** GIVEN INFORMATION follows **

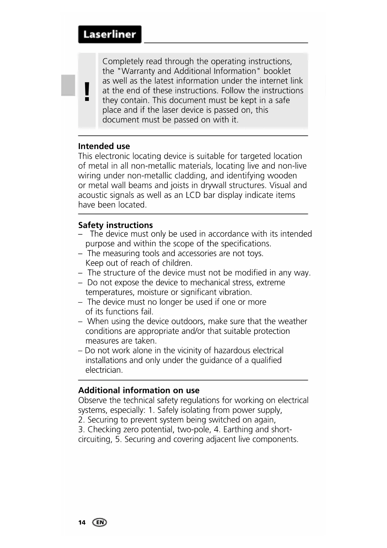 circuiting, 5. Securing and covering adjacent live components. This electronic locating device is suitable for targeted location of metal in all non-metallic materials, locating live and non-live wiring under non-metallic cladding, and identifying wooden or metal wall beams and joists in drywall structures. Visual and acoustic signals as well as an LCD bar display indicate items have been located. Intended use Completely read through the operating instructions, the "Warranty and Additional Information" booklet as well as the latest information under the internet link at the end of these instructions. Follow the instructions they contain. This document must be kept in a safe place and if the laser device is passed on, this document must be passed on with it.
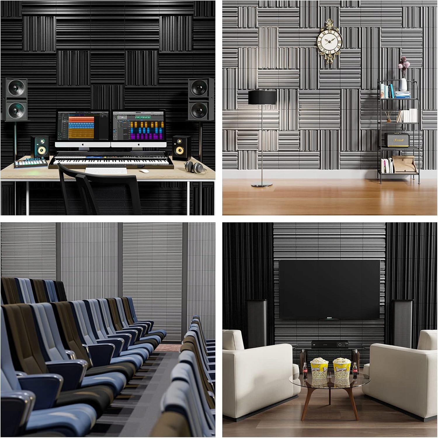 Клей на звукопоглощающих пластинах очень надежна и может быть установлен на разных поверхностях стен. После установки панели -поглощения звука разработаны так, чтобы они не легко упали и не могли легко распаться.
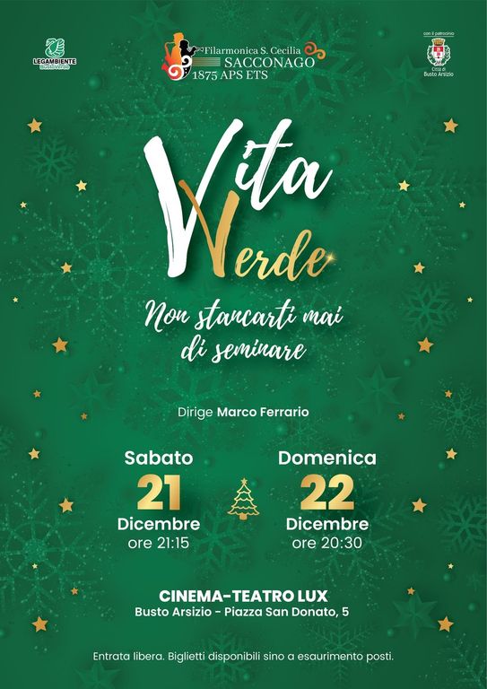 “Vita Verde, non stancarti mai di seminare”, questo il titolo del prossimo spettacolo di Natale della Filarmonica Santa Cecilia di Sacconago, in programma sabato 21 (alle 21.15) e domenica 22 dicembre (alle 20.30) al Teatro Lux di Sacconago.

** End of GIVEN INFORMATION **

**AIM OF THE EXERCISE**. Please copy, exactly and only, the lines of the listing that run from the one holding "Клей на звукопоглощающих" through its last line, and exclude pictures.

**YOUR RESPONSE**.
 Клей на звукопоглощающих пластинах очень надежна и может быть установлен на разных поверхностях стен. После установки панели -поглощения звука разработаны так, чтобы они не легко упали и не могли легко распаться.
 “Vita Verde, non stancarti mai di seminare”, questo il titolo del prossimo spettacolo di Natale della Filarmonica Santa Cecilia di Sacconago, in programma sabato 21 (alle 21.15) e domenica 22 dicembre (alle 20.30) al Teatro Lux di Sacconago.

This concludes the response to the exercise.